It’s hard to believe that Hans Christian used to play bass with artists like Sparks, Robbie Robertson, and Victoria Williams. Even though he was a classically trained cellist, he rocked out in Los Angeles when he first arrived in America from Germany in 1992. But that’s not the Hans Christian we know. He had moved to the San Francisco Bay area when we first heard of him in 1994, when he released his debut CD, Phantoms. That recording of electro-ambient chamber music hinted at the east-west fusion he’d later create with the duo called Rasa, where he married luxurious orchestrations of sarangi, tablas, cello and electronics to singer Kim Waters’ divine Hindi chants.Christian is a master of space. He creates silken ambiences that waft around seductive loops of tabla, temple bells and shakers. With just percussion and ambiences this would be an enveloping sound, but Christian adds melodies that often alternate between instruments, like the cello and sarangi on “First Light.” As one interwoven instrument creates a melodic arc, the other picks it up in mid-flight and continues in a Mobius strip of melody.

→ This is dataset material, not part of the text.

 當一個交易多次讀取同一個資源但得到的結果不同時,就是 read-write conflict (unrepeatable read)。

Christian’s mix of East and West is among the most subtle and refined you’ll hear. Listen to the way an acoustic guitar forms a folk basis for the languid refrain of sarangi and cello on “My Inner Ascent.” It’s ancient music from the future, especially a track like “Between Dusk and Dawn” which takes the lap steel guitar and sends it to the other side of the world, from Nashville to Mumbai in a duet with the sitara.

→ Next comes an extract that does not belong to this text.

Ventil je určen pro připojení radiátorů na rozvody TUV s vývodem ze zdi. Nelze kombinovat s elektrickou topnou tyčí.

Nanda Devi is a bit more subdued even by Hans Christian’s meditative standards. Tracks like “Sunanda” are steady-state mood pieces with rippling zithers and backwards chimes. On “Eternal Spring,” an organ-like synthesizer sustain underpins a ruminating solo on the Swedish keyed fiddle called the Nyckelharpa. Christian improvises a forlorn melody made even more plaintive by the clacking action of the instrument’s wooden keys. Its medieval tone sounds like a lament for the last battle at Game of Thrones’ Castle Black.